Construct a Turing machine for adding 2 to the binary natural number?

A Turing machine (TM) can be formally described as seven tuples −

(Q,X, ∑, δ,q0,B,F)

Where,

• Q is a finite set of states.

• X is the tape alphabet.

• ∑ is the input alphabet.

• δ is a transition function:δ:QxX->QxXx{left shift, right shift}.

• q0 is the initial state.

• B is the blank symbol.

• F is the final state.

Input − n a natural number

Output − n + 2

Let’s represent natural numbers in unary form (e.g. 3 = 111, 5 = 11111) and 0 will be represented by the empty symbol.

Algorithm

Move the tape head to the left of the first 1 (if it exists).

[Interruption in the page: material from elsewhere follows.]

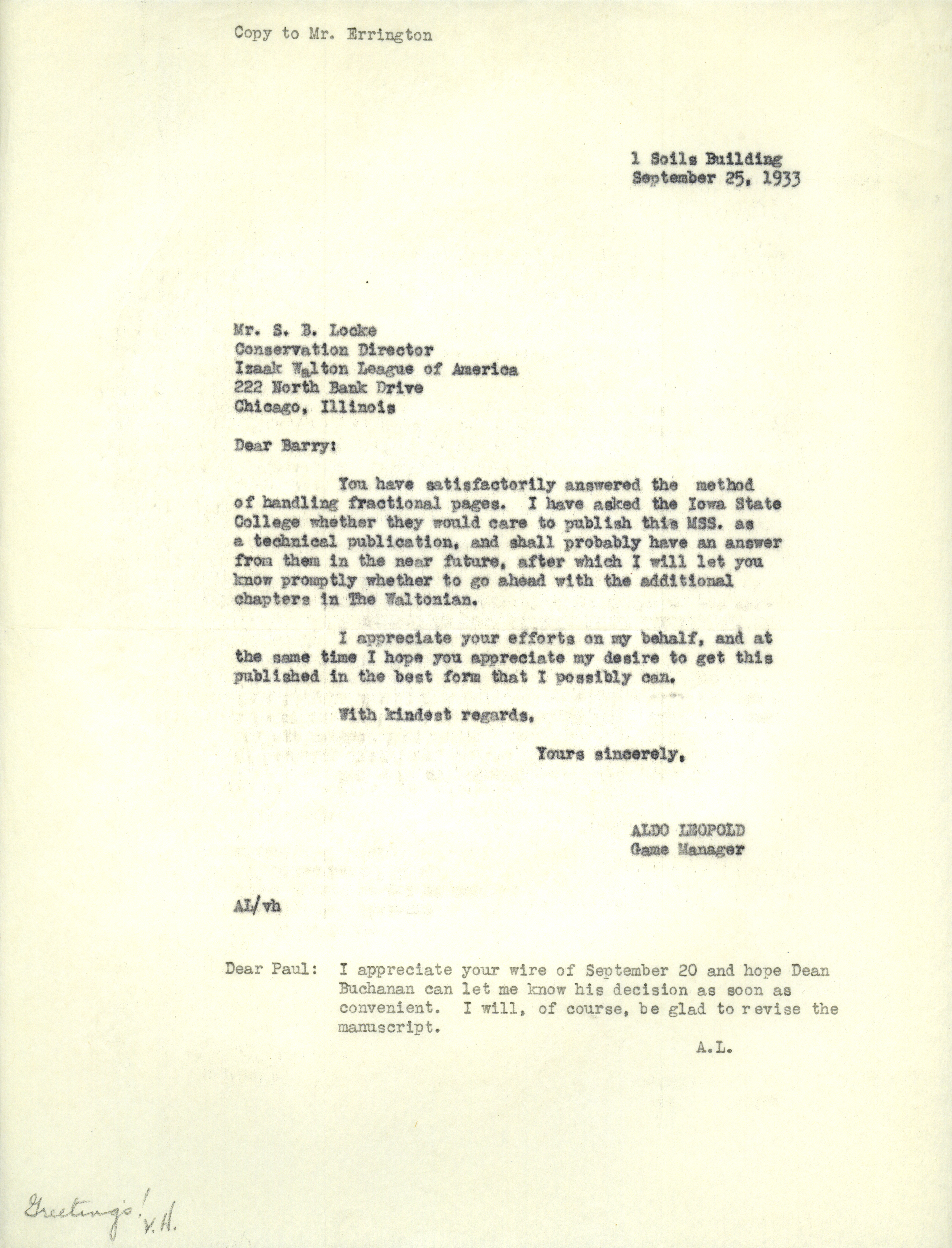 Aldo Leopold letter to Locke, September 25, 1933 Item Info

Change that empty cell to a 1.

Move left and repeat.

Halt

We only need 3 states: 0 (initial), 1 and Halt; as well as three instructions −

(1): (0, 1, 1, L, 0) Move left to blank cell.

(2): (0, , 1, L, 1) Write 1 into the cell and move left.

(3): (1, ❑, 1, S, Halt) Write 1 into cell and halt.

Graphically, it is represented as follows:

Instantaneous description

State 0: ❑ 1 1 1 ❑ Begin in state 0

State 0: ❑ 1 1 1 ❑ (1)

State 1: ❑ 1 1 1 1 ❑ (2)

Halt: ❑ 1 1 1 1 1 ❑ (3)